To add a UCA collation for a Unicode character set without recompiling MySQL, use the following procedure. If you are unfamiliar with the LDML rules used to describe the collation's sort characteristics, see , "LDML Syntax Supported in MySQL".

The example adds a collation named utf8_phone_ci to the utf8 character set. The collation is designed for a scenario involving a Web application for which users post their names and phone numbers. Phone numbers can be given in very different formats:

+7-12345-67
+7-12-345-67
+7 12 345 67
+7 (12) 345 67
+71234567

The problem raised by dealing with these kinds of values is that the varying permissible formats make searching for a specific phone number very difficult. The solution is to define a new collation that reorders punctuation characters, making them ignorable.

  1. Choose a collation ID, as shown in , "Choosing a Collation ID". The following steps use an ID of 1029.
  2. To modify the Index.xml configuration file. This file will be located in the directory named by the character_sets_dir system variable. You can check the variable value as follows, although the path name might be different on your system:

    mysql> SHOW VARIABLES LIKE 'character_sets_dir';
    +--------------------+-----------------------------------------+
    | Variable_name | Value |
    +--------------------+-----------------------------------------+
    | character_sets_dir | /user/local/mysql/share/mysql/charsets/ |
    +--------------------+-----------------------------------------+
    
  3. Choose a name for the collation and list it in the Index.xml file. In addition, you'll need to provide the collation ordering rules.
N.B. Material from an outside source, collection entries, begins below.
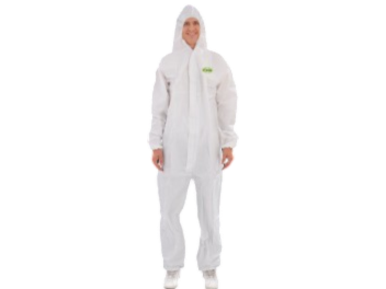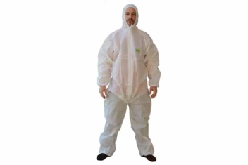 סרבל מגן *לבן* תקן TYPE 5/6 מידה XXL רוכסן עם כובע SMS coverall נושם DKR30303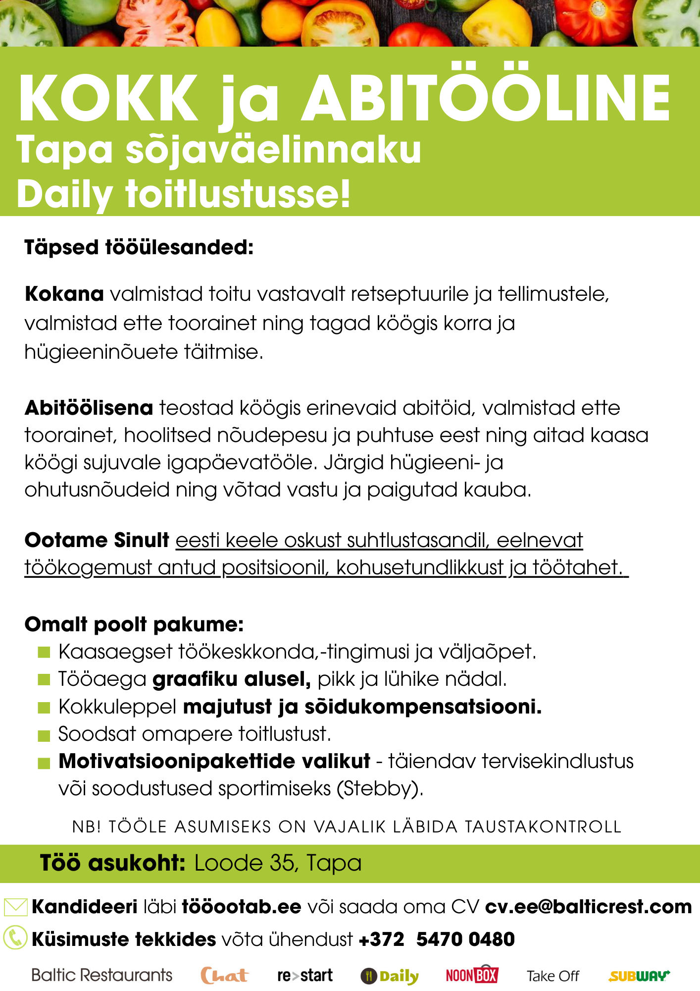 Tule tööle Baltic Restaurantsi!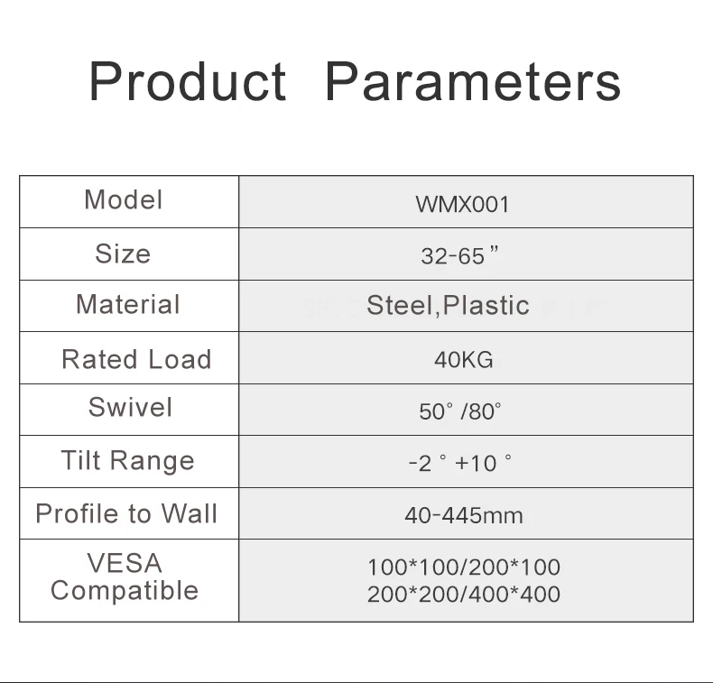 CARACTERÍSTICA : * La cubierta de la placa de pared y el sistema oculto de cable del soporte de TV se ven más lujosos y agradables, también hacen que el cable de TV detrás de su TV sea ordenado.* Con este soporte de TV de movimiento completo, puede ser fácil de arreglar, inclinar, extender, plegar y girar su televisor y cualquier ángulo de visión que desee.* El diseño de tecnologías avanzadas hace que el ángulo de visión sea fácil y conveniente.* Nuestros accesorios estándar le permiten ampliar la distancia de montaje de TV VESA de 200*200mm a 400*400mm.* El brazo puede extenderse hasta 445mm como máximo y 40mm como mínimo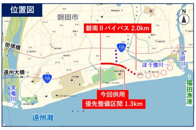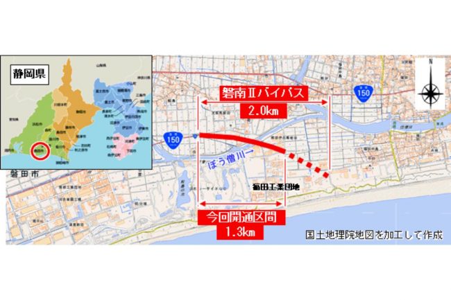 2026年3月22日、静岡県磐田市で国道150号「磐南IIバイパス」の一部区間が開通します。開通によってどのような効果がもたらされるのでしょうか。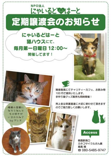 わんわん吉見シェルターにて譲渡会を開催します。YouTubeでおなじみのにゃいるどっ子達に会いに来ませんか。今回は歌やトークあり、ハンドメイドショップも出...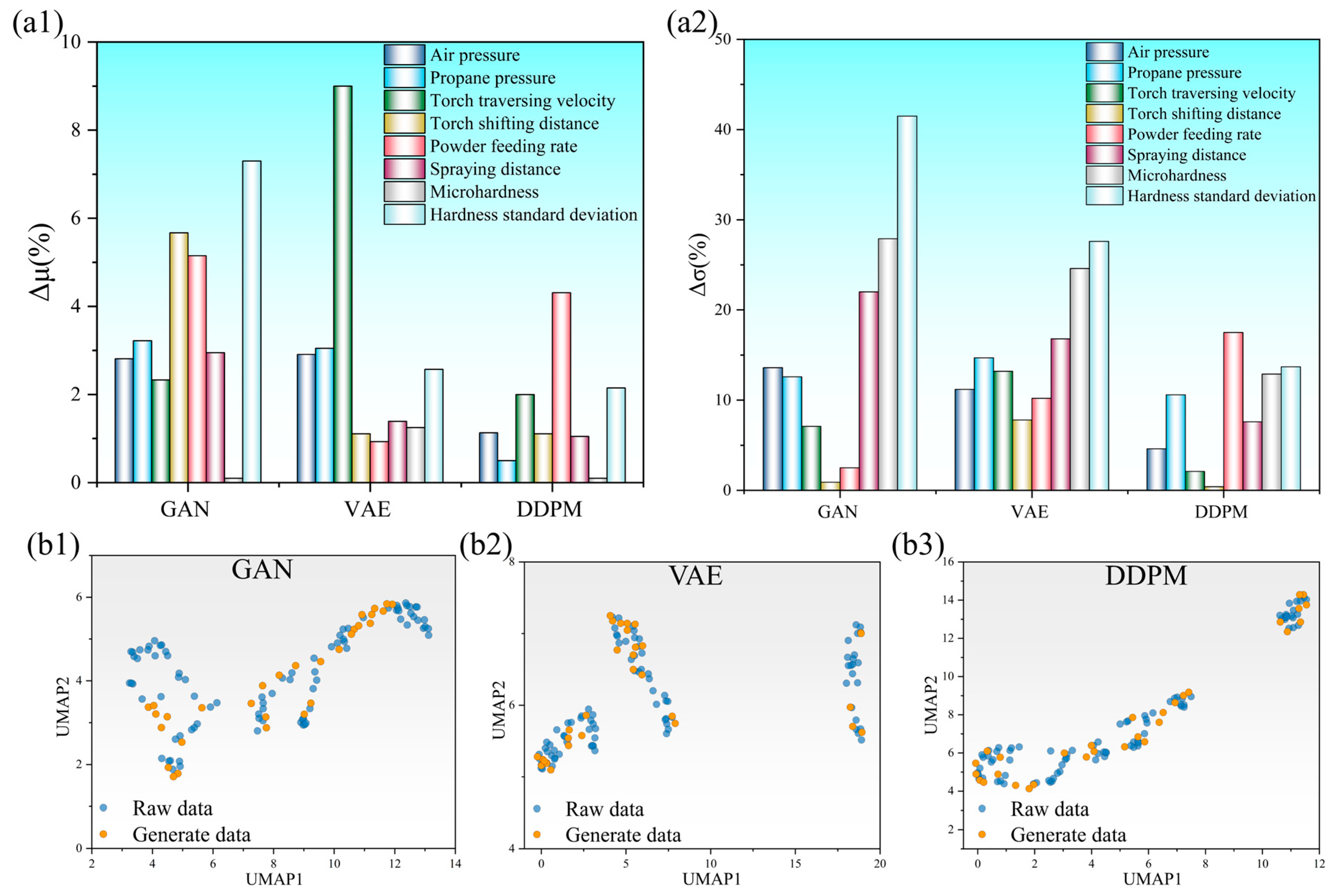 - A comprehensive comparison of three generative models—GAN, VAE, and DDPM—demonstrated that DDPM exhibits superior statistical fidelity and distribution consistency with respect to real HVAF process data, thereby effectively mitigating the limitations imposed by data scarcity. Among ten representative regression algorithms, GBR delivered the highest predictive accuracy and robustness. Furthermore, augmenting the training dataset with 10% DDPM-generated samples led to a further improvement in both prediction accuracy and model generalization.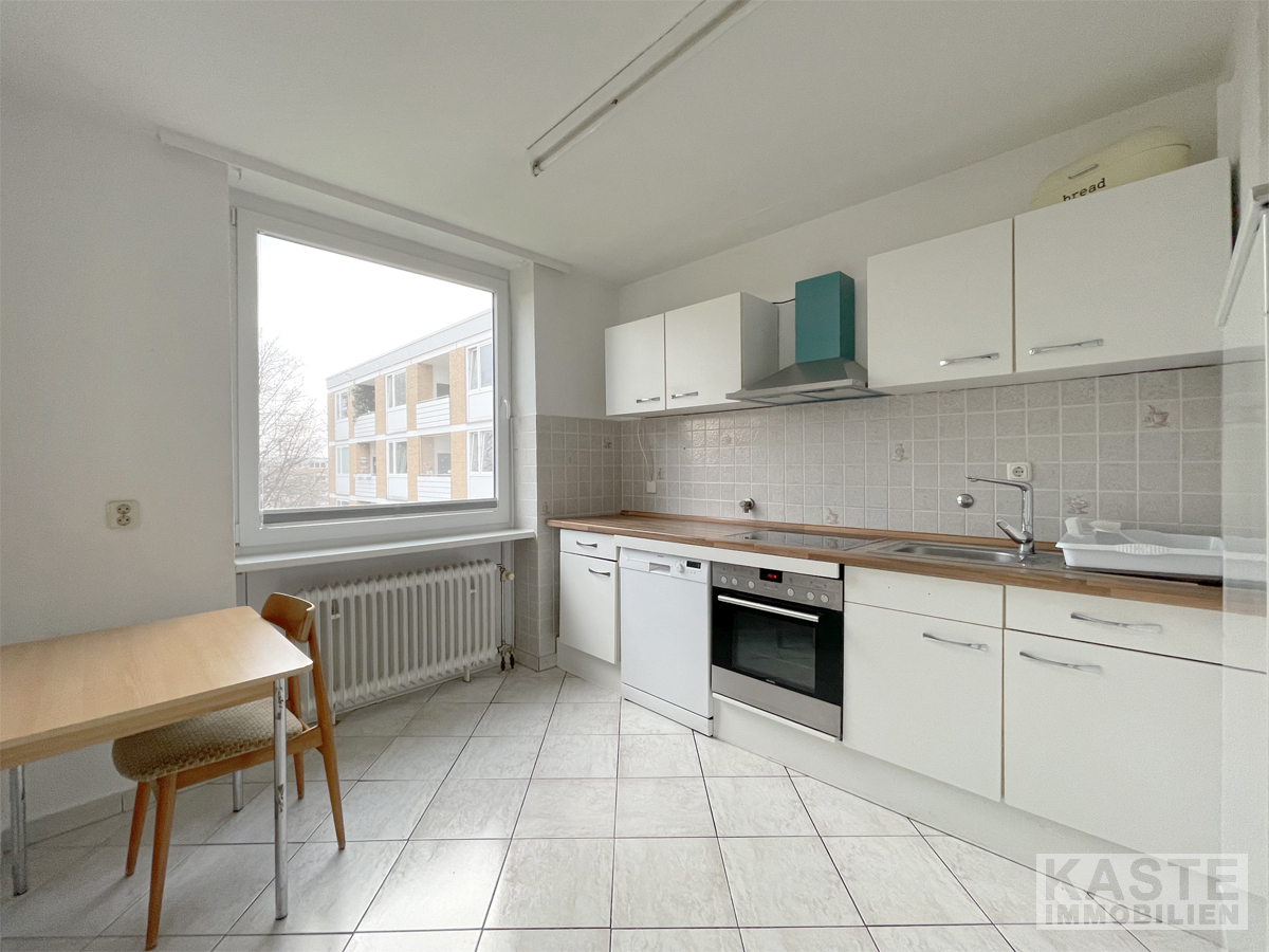 Die angrenzende Küche bietet ebenfalls Potenzial zur individuellen Gestaltung. Sie kann theoretisch komplett geöffnet werden, um einen noch großzügigeren, luftigen Raum zu schaffen. Alternativ lässt sich die Verbindung durch einen Raumteiler flexibel gestalten, sodass Sie die Küche je nach Wunsch offen oder abgetrennt nutzen können – ganz nach Ihrem persönlichen Stil. Drittes Zimmer für flexible Nutzung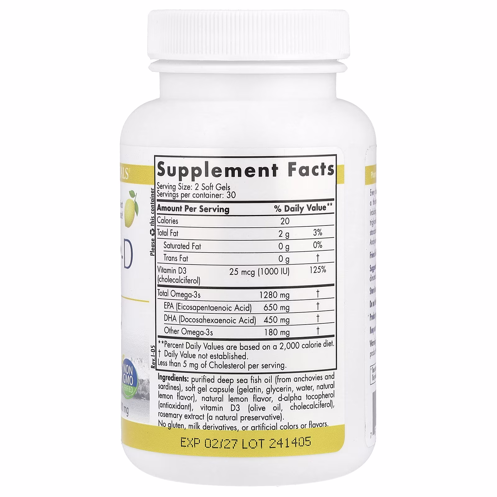 Aceite de pescado purificado de aguas profundas (de anchoas y sardinas), cápsulas blandas cápsulas (gelatina, glicerina, agua, saborizante natural de limón), saborizante natural de limón, d-alfa tocoferol (antioxidante), vitamin D3 (aceite de oliva, cholecalciferol), extracto de romero (un conservante natural). Sin gluten, sin derivados lácteos ni colorantes sintéticos. o flavors.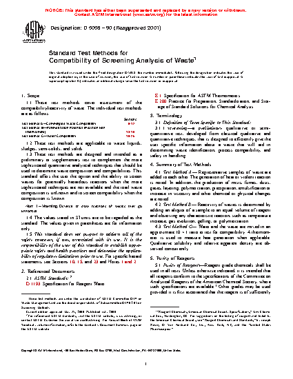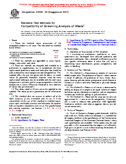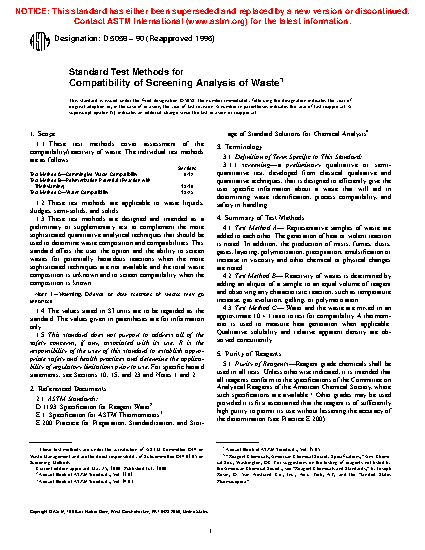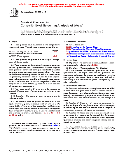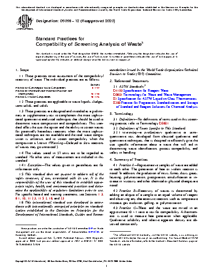 1.1 These practices cover assessment of the compatibility/reactivity of waste. The individual practices are as follows:
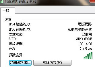 在訊號良好狀況下,A 電腦的 DWA-192 無線網卡可抓到 1.3Gbps 速度: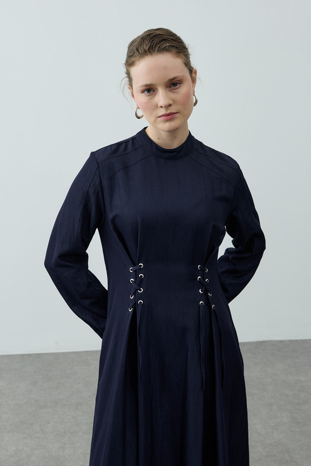 Tags: eyelet, long sleeve, mandarin collar, maxi dress, navy blue, textured fabric, tie waist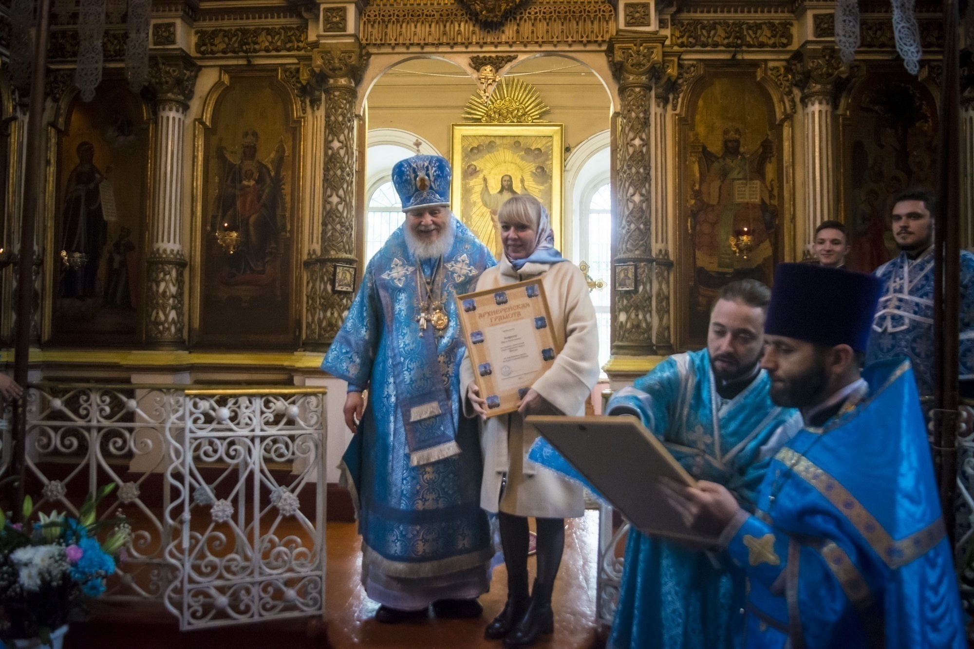 Затем Его Преосвященство обратился к духовенству и молящимся с архипастырским словом и вручил церковные награды. Супруги клириков Никольского храма г. Шатура К. В. Боярских и О. В. Овчинникова были удостоены Патриарших знаков материнства 2-й степени, настоятель храма протоиерей Михаил Депутатов (к пятидесятилетию служения в священном сане), исполняющий обязанности первого заместителя главы городского округа Шатура П. Н. Андреев и директор предприятия «ВИПстрой-Инвест» И. В. Горошко – Архиерейских грамот Балашихинской епархии.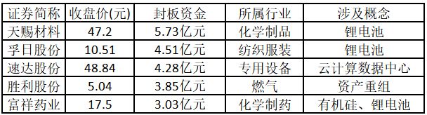 从封板资金来看,今日涨停板个股中,封板资金排名前5的个股包括天赐材料、孚日股份、速达股份、胜利股份、富祥药业。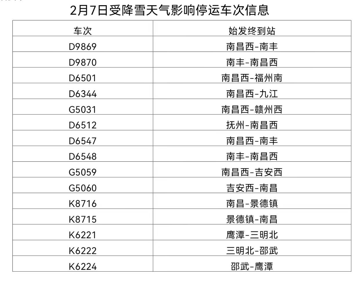 受雨雪冰凍影響 今日國(guó)鐵南昌路局部分旅客列車停運(yùn)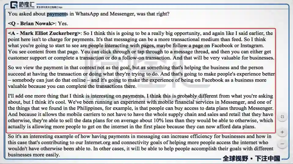 扎克伯格认为whats app和messenger的支付功能将会有巨大的潜力,让用户在FB的产品体系内完成交易,会让FB更有价值。本质上这里做的应该是把服务和人链接起来,下面扎克伯格给了一个例子:在Messenger上正在测试手机金融服务,在菲律宾发生了一个很有意思的事情,就是在messenger上人们可以直接购买data plan(流量套餐),因为手机运行商在messenger出售的套餐没有中间的零售环节,所以平均售价低了10%。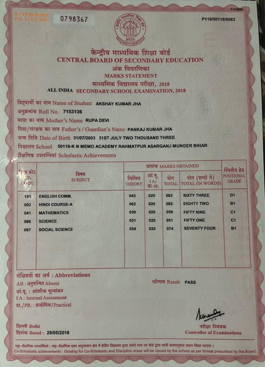 | Exam | Full Marks | Pass Marks | Marks Obtained |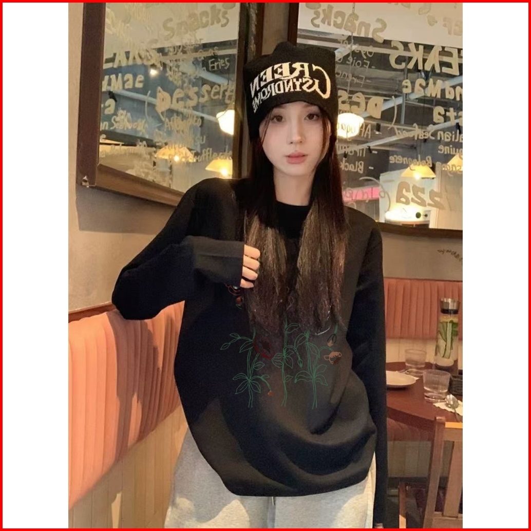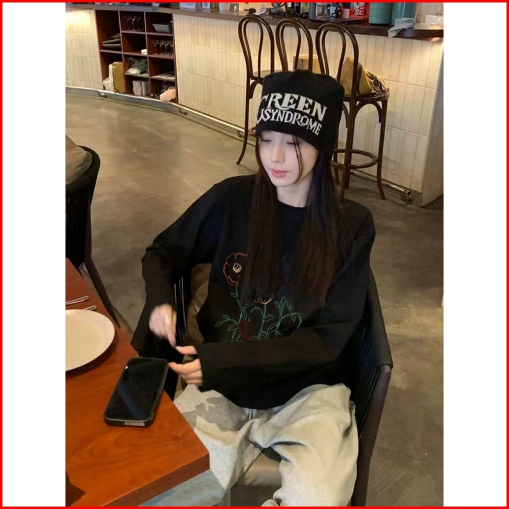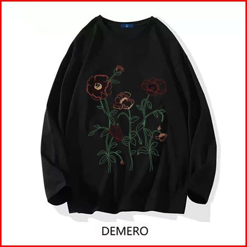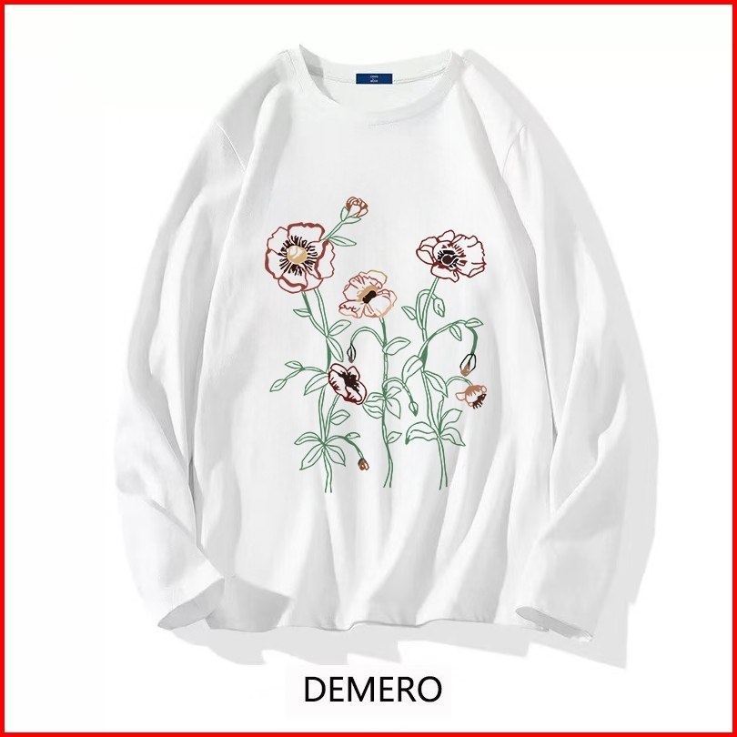Demero Atasan Kaos Wanita Oversize Lengan Panjang Korean Style Cetak Bunga Baju Kaos Polos Cotton Combed Premium Terbaru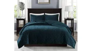 The Harper Coverlet Set is perfect for those seeking a casual and comfortable update to their bedroom. The velvet coverlet can act as the perfect layering piece, adding a decorative element of soft texture to your bedding ensemble with its gorgeous quilted design. The rich teal color and the geometric stitch pattern, however, makes the coverlet charming enough to stand alone on your top of bed as an alternative to your comforter with options to reverse.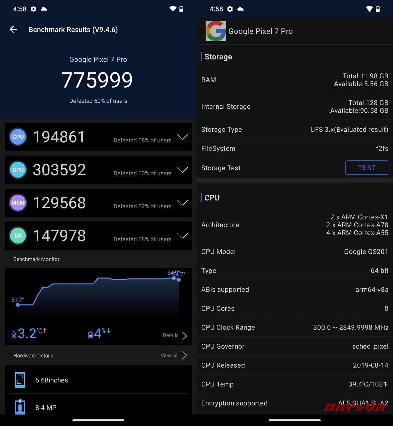 ▼Pixel 7 Proの実機AnTuTu(Ver9)スコアは総合が775,999点、GPUが303,592点でした。↓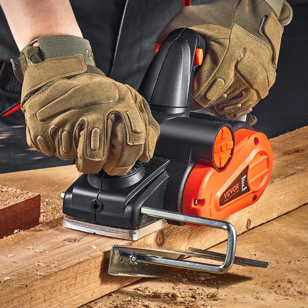Product Description KFFKFF Electric Handheld Planer KFFKFF electric hand planer is a versatile woodworking tool with a 3-1/4″ cutting width and a powerful 16500 RPM high-speed motor. It effortlessly achieves smooth surfaces in carpentry projects, providing precision and efficiency in your DIY woodworking endeavors. High-Power Motor for Effortless Planing Our electric handheld planer features a high-power motor that delivers outstanding performance, resulting in smooth and even planks, providing a comfortable and responsive tactile experience. Efficiency & Precision Cutting The electric hand planer has a maximum width of 3-1/4″ (82.55 mm) and a maximum depth cutting capacity of 5/64″ (2 mm), achieving high efficiency and precise cutting with ease. Dual Dust Extraction Designed with dual dust extraction slots, both sides of this electric handheld planer can accommodate dust collection bags, allowing compatibility with a vacuum cleaner for more flexible dust collection. Keep your workspace consistently clean and tidy. Smooth Planing The aluminum baseplate of our electric handheld planer undergoes multiple polishing and grinding processes, resulting in a smooth and even surface on the planks. The V-shaped guide groove ensures a smoother planing process without getting stuck. Portable & Easy Equipped with extra blades, our electric hand planer ensures that the work continues with ease. Dustproof storage case protects your equipment and is convenient for you to use on the go. Durable & Good Quality The core components of the planer are made of high-strength alloy with fiberglass-reinforced nylon material, which is sturdy and durable with a long service life. Specifications Item Model Number: 2822C Rated Voltage: 120V Frequency: 60 Hz Rated Current: 6A No-load Speed: 16,500 RPM Blade Dimensions: 3.15 x 0.31 x 0.08 in/80 x 8 x 2 mm Product Dimensions: 13 x 6.7 x 6.7 in/33 x 17 x 17 cm Net Weight: 6.44 lbs/2.92 kg Package Content 1 x Parallel Guide 1 x Allen Key 1 x Dust Bag Assembly 1 x Small Spanner 1 x Blade 1 x Storage Bag 1 x User Manual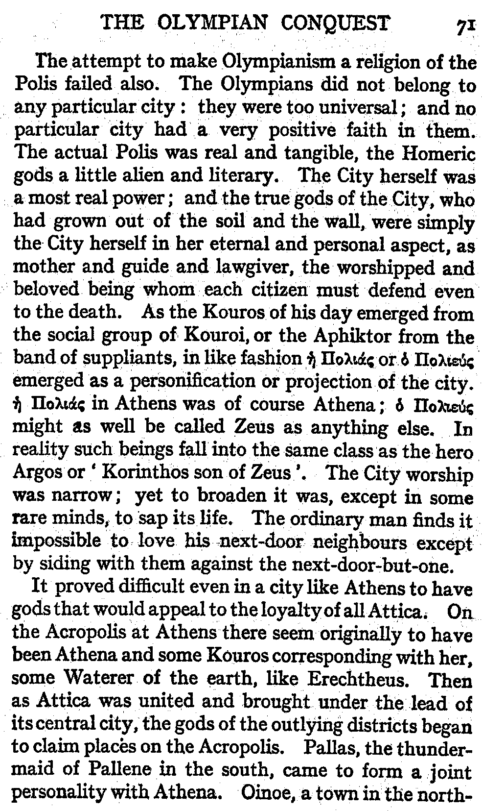 To turn to our immediate subject, I wish to put forward here what is still a rather new and unauthorized view of the development of Greek religion; readers will forgive me if, in treating so vast a subject, I draw my outline very broadly, leaving out many qualifications, and quoting only a fragment of the evidence.

Find the <charset> element for the character set to which the collation is being added, and add a <collation> element that indicates the collation name and ID, to associate the name with the ID. Within the <collation> element, provide a <rules> element containing the ordering rules:

    <charset name='utf8'>
     ...
     <collation name='utf8_phone_ci' id='1029'>
     <rules>
     <reset>\u0000</reset>
     <i>\u0020</i> <!-- space -->
     <i>\u0028</i> <!-- left parenthesis -->
     <i>\u0029</i> <!-- right parenthesis -->
     <i>\u002B</i> <!-- plus -->
     <i>\u002D</i> <!-- hyphen -->
     </rules>
     </collation>
     ...
    </charset>
    
  4. If you want a similar collation for other Unicode character sets, add other <collation> elements. For example, to define ucs2_phone_ci, add a <collation> element to the <charset name='ucs2'> element. Remember that each collation must have its own unique ID.
  5. Restart the server and use this statement to verify that the collation is present:

    mysql> SHOW COLLATION LIKE 'utf8_phone_ci';
    +---------------+---------+------+---------+----------+---------+
    | Collation | Charset | Id | Default | Compiled | Sortlen |
    +---------------+---------+------+---------+----------+---------+
    | utf8_phone_ci | utf8 | 1029 | | | 8 |
    +---------------+---------+------+---------+----------+---------+
    

Now test the collation to make sure that it has the desired properties.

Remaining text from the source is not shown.